▸ EXERCISE
Leave the pictures out, and transcribe the material below exactly from the line with "Outsunny Sedia A" to the line with "We've been doing", both lines included.

▸ SOURCE DATA

_ _ _ _ _ _ _

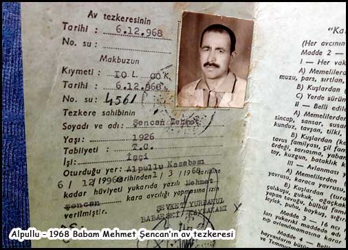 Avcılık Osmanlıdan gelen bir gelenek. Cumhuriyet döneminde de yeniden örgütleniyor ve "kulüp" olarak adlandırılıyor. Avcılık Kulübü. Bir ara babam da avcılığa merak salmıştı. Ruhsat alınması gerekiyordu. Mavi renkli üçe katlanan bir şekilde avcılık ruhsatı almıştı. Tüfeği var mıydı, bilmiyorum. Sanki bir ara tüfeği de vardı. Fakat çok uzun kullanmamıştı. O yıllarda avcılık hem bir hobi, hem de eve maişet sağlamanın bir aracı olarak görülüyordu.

_ _ _ _ _ _ _

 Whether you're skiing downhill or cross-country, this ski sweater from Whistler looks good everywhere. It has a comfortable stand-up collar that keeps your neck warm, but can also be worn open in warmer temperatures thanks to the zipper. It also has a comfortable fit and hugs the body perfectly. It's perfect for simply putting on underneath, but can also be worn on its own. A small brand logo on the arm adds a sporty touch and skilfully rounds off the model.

_ _ _ _ _ _ _

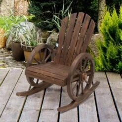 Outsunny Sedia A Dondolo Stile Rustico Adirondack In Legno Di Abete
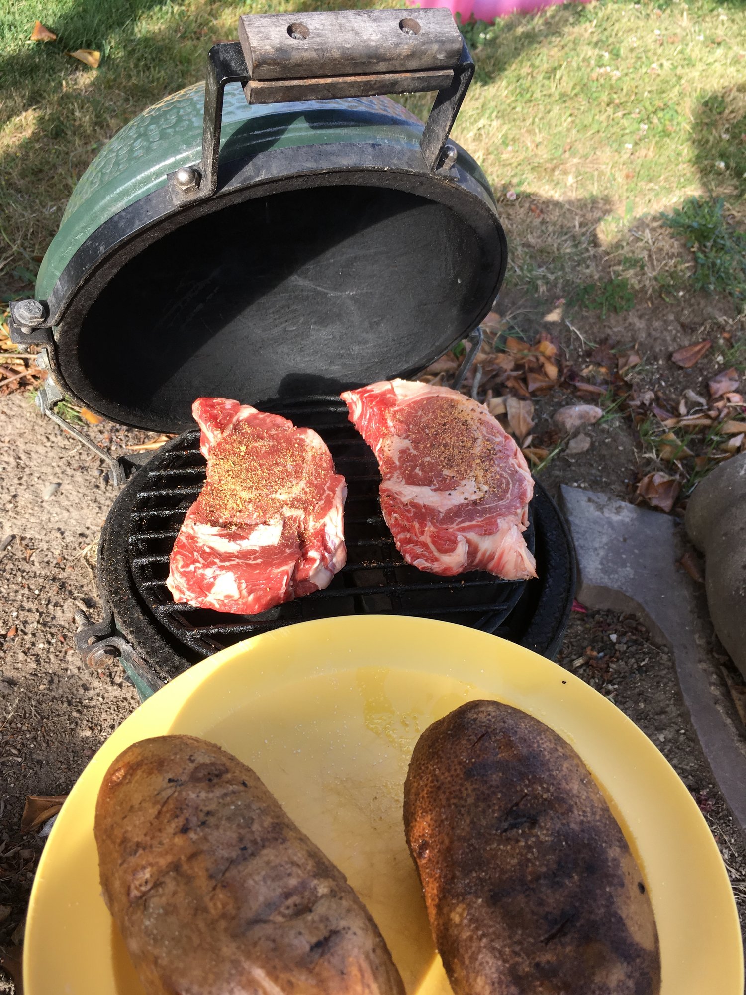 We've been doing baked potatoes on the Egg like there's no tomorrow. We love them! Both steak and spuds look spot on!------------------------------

_ _ _ _ _ _ _

▸ SOLUTION TO THE PROBLEM
 Outsunny Sedia A Dondolo Stile Rustico Adirondack In Legno Di Abete
 We've been doing baked potatoes on the Egg like there's no tomorrow. We love them! Both steak and spuds look spot on!------------------------------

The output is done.